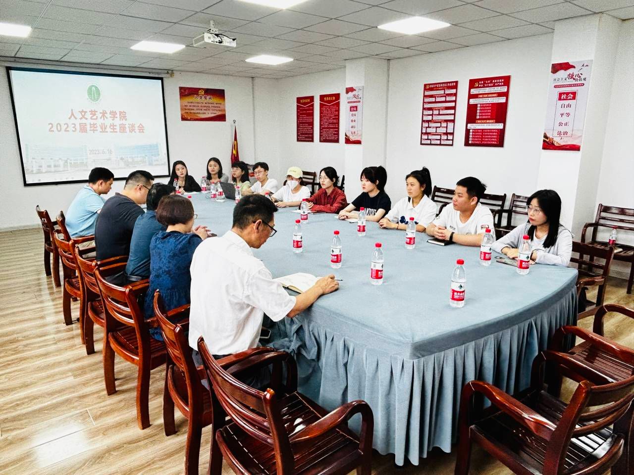 为深入贯彻落实党中央关于在全党大兴调查研究的决策部署,6月16日上午,澳门十大信誉好的网站在教育实训中心7楼会议室召开2023届毕业生代表座谈会。校党委委员、纪委书记、监察专员余为民、澳门十大信誉好的网站全体干部、毕业班辅导员及2023届毕业生代表参加了此次座谈会。会议由院党总支书记韩飞党主持。
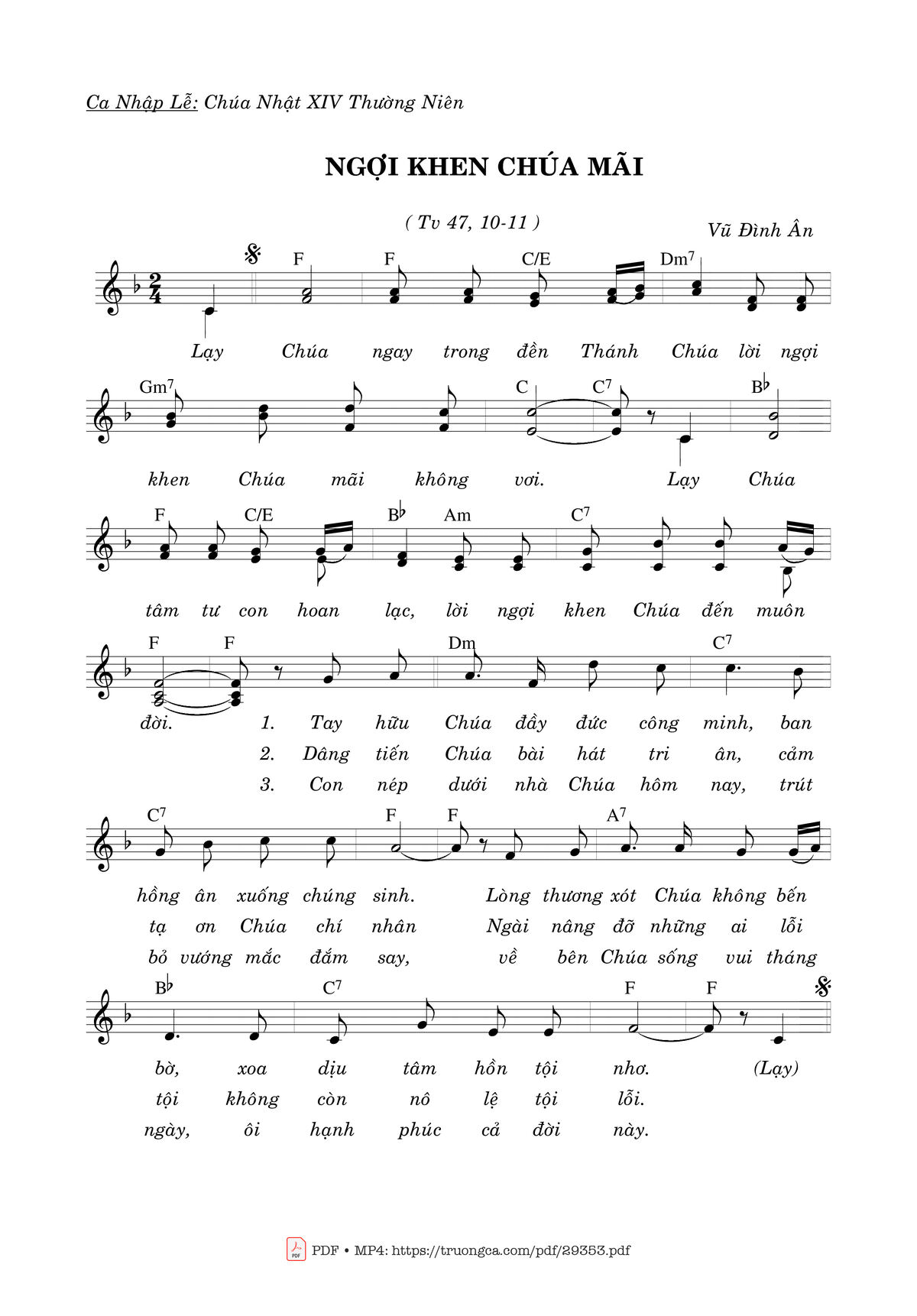 Vũ Đình Ân Nhập Lễ Chúa Nhật Thường Niên Lạy Chúa ngay trong đền Thánh Chúa lời ngợi khen Chúa mãi không vơi [PDF] [Sheet] [Lyrics] [Mp4/Midi]
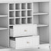 • Features two (2) central drawers with metal glides, two (2) side doors that open to large storage spaces with two (2) shelves each and a twelve (12) bottle wine storage rack.
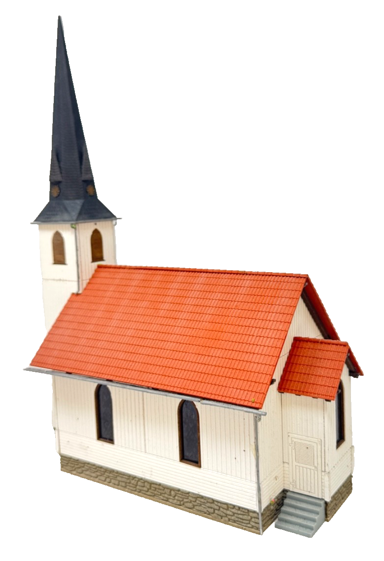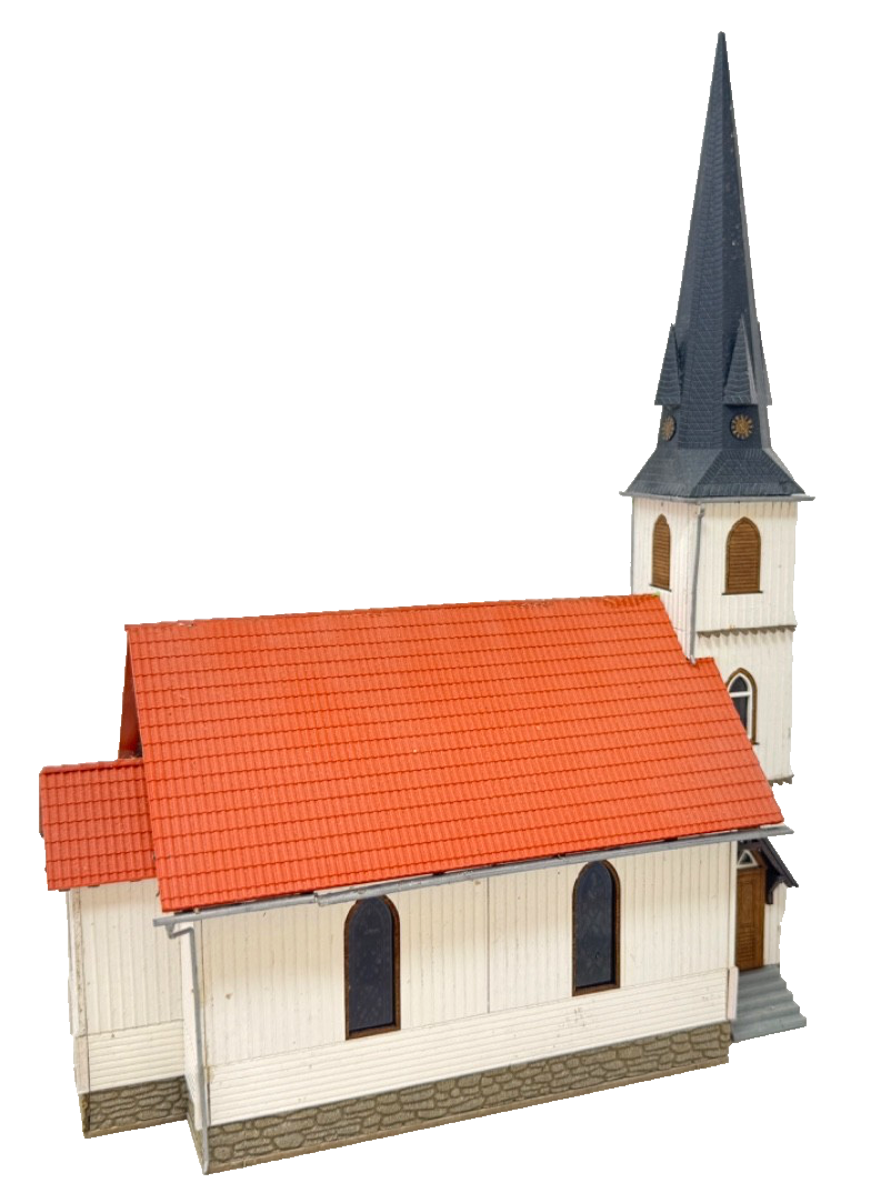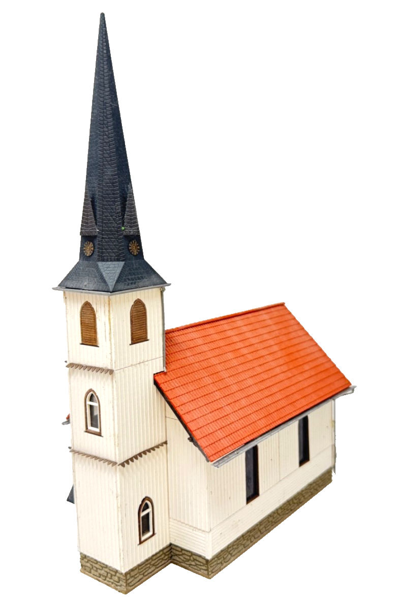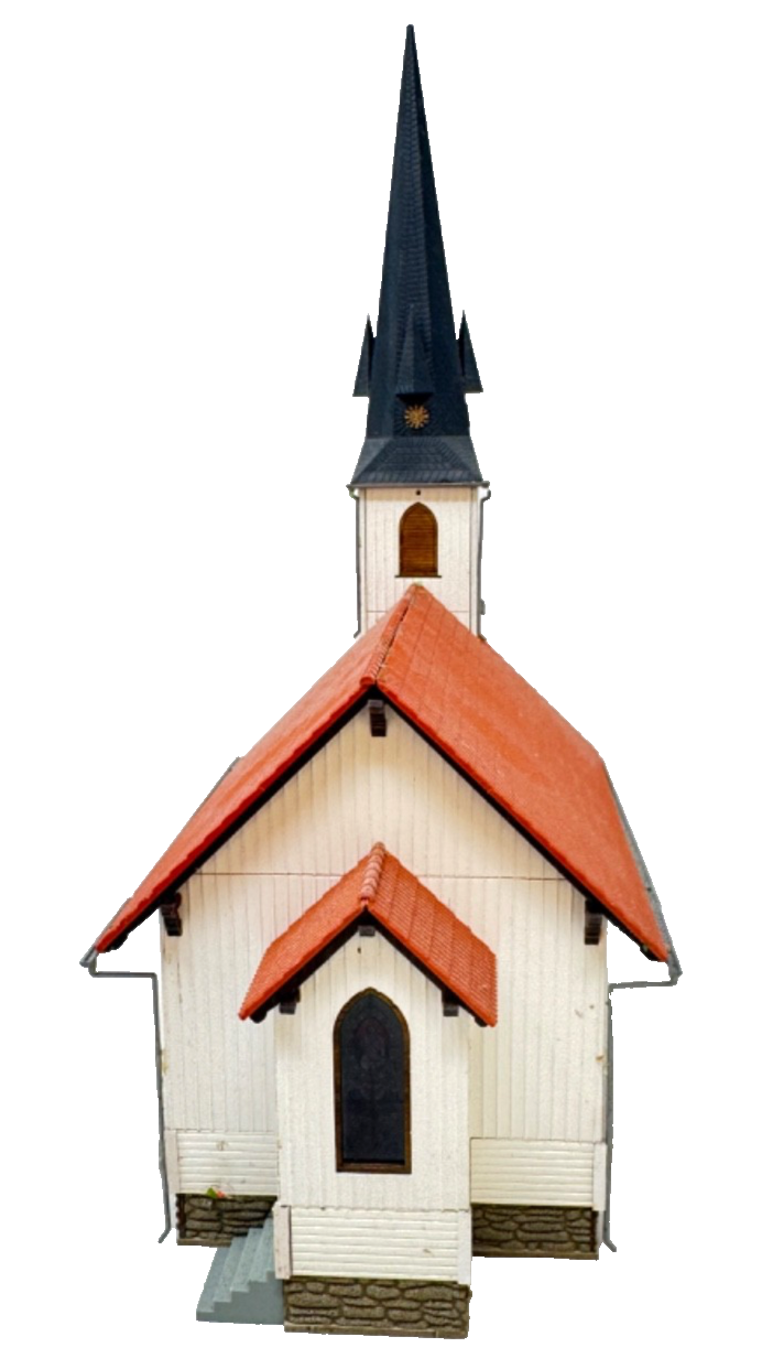 Modell der kleinsten Holzkirche Deutschlands. Das Vorbild steht in der Ortschaft Elend im Harz und wurde 1897 als Kirche eingeweiht. Wie im Original sind auch im Modell die Wände aus echtem Holz gestaltet. Das Dach, die Regenrinnen und Fallrohre bestehen aus Kunststoff. Die farbig bedruckten Fensterscheiben kommen durch eine zusätzliche Innenbeleuchtung (z.B. mit Busch Beleuchtungsset 4280 nicht enthalten) besonders gut zur Geltung.

---+---

§ Task brief
Reproduce the material above exactly, first line through the line that contains "Vũ Đình Ân Nhập", minus the pictures.

§ Task solution
 为深入贯彻落实党中央关于在全党大兴调查研究的决策部署,6月16日上午,澳门十大信誉好的网站在教育实训中心7楼会议室召开2023届毕业生代表座谈会。校党委委员、纪委书记、监察专员余为民、澳门十大信誉好的网站全体干部、毕业班辅导员及2023届毕业生代表参加了此次座谈会。会议由院党总支书记韩飞党主持。
 Vũ Đình Ân Nhập Lễ Chúa Nhật Thường Niên Lạy Chúa ngay trong đền Thánh Chúa lời ngợi khen Chúa mãi không vơi [PDF] [Sheet] [Lyrics] [Mp4/Midi]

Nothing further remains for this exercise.